Japan will send wooden satellite into space next year

by time news

2023-11-30 11:53:23

Next February, Japan will send a satellite made of magnolia wood – they tested it with three different wood samples. Scientists believe that, after the tests carried out on the International Space Station (ISS), the satellite is now ready to be launched into space.

It is the world’s first artificial wooden satellite and is being developed by the Space Wood Laboratory at Kyoto University, in a project of the Japanese space agency (JAXA) and NASA.

One of the reasons why they have decided to make this wooden satellite is because it is a useful and biodegradable material. In space, wood does not rot or burn, it is incinerated into fine ash upon entering the Earth’s atmosphere.

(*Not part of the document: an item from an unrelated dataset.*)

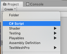 Use the “Project” pane’s “Create” button to create another script, and name it “Conversation”. Then attach the script to the “Text” GameObject.
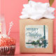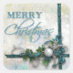 Richly layered design in deep teal and silver featuring satin ribbons, beads, a silver filigree star, diamond key, silver ornament and holly. Text is embossed with a touch of glitter. Background is textured and distressed with twinkle highlights. Note: Sculpted, engraved, embossed and dimensional effects, layered, aged or eroded appearance, textures and shadows achieved digitally. Actual product has a smooth surface.

“Three wood samples were tested and showed no deformation after exposure to space,” the researchers said in a statement. “Despite the extreme environment of outer space involving significant temperature changes and exposure to intense cosmic rays and dangerous solar particles for 10 months, testing confirmed that there is no decomposition or deformation, such as cracks, warping, peeling or damage to the surface “, reports ‘Europa Press’.

It could be one more step to reduce space debris. More than 9,300 tons of space objects, including space debris such as inoperative satellites and pieces of spent rocket stages, orbit Earth. They cause light pollution and make distant spatial phenomena more difficult to detect.

According to researchers, wooden satellites like LignoSat should, in theory, be less harmful than space debris.